Uh oh! Your "little green employees" (the money you've saved) are in serious danger of being underpaid!
> The general consensus from what I have read is that money which might be needed within 5 years should not be invested.
That's terrible advice.
There is a popular myth (banks profit from it) that there are only two kinds of investments, (1) totally riskless bank accounts (that give you crap interest) and (2) the confusing, risky, but maybe profitable world of "investing" BUY BUY BUY SELL SELL SELL BULL BEAR PUT CALL RAH RAH
This is bullshit.
Investing and saving are two words for the same thing.
There are many kinds of investment aka savings vehicles. You have a lot of choices you don't yet seem to know about, that fit any level of risk and any level of expected duration till you need the money.
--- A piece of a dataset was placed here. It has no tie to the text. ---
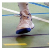
Eckbolsheim - U17M2 - 08/10/17 https://s.joomeo.com/59df19a1924e8

Pour alimenter la photothèque, déposez vos photos sur sluc.photos@gmail.com

In your case, you have a bunch of money that you need for a specific period of time, but the period of time is long (more than a year).
Learn about bonds and other fixed income instruments.
Bonds are not like stocks. The interest rate is guaranteed. It's important, though, that you pick bonds whose "duration" matches the amount of time you plan to keep the money before you need it. That way, the interest rate is effectively guaranteed. Just like a CD, you may have to pay a penalty if you sell early. Unlike a CD, the penalty is fairer -- you can actually make money if you sell early and interest rates fell. Like a CD, the penalty is relatively small, and fear of this penalty should never be a reason to avoid investing in bonds. It should, however, be a reason to always select the duration you actually need, not be stupid and pick a longer duration because of attractive rates. (Those rates are attractive for a a reason.)
The only risk in bonds, therefore, is from credit risk -- risk of the bond issuer going bankrupt. So if you want absolutely no risk, pick someone who can't go bankrupt because they can legally print as much money as they want: the government.
If you want absolutely no risk, learn about US Treasury bills and such. Look it up. If you know you need the money in 5 years and refuse to accept any risk whatsoever, then don't waste your time on a CD from your merely FDIC insured bank. Go straight to the source of that risk-protection and deposit your money directly with the US government! Even plain old US Series I savings bonds are at about 1.9% right now, with just 3-months interest penalty for early redemption before 5 years -- and they include inflation protection.
If you are willing to bear a small amount of risk, then pick an issuer with a small risk of going bankrupt -- even better, diversify among several such issuers.
In other words, invest in a low-cost bond index fund whose average credit rating is quite high and whose duration matches your needs.
For example, VBMFX, Vanguard's total bond market index fund has an average duration of 4.57 years and returned almost 4% over the last year.
Over 5 years, that difference would add up to....
$100,000 in a 1.5% 5-year CD will become 107,728
$100,000 yielding 4% in a bond index fund will become 121,665
That extra $14k could feed, clothe, and house a Mustachian for a whole year in some locations.
And I haven't even mentioned tax implications -- The interest earned on US treasury instruments is state/local-tax free. (If you live in NYC like me, with high state and high city income taxes, that's nothing to sneeze at)
And municipal bonds can be free of federal, state, and local income taxes. Depending on where you live and how much you will be making over the next 5 years, this could make a big difference. Plain old CDs are fully taxed at state, local, and federal levels.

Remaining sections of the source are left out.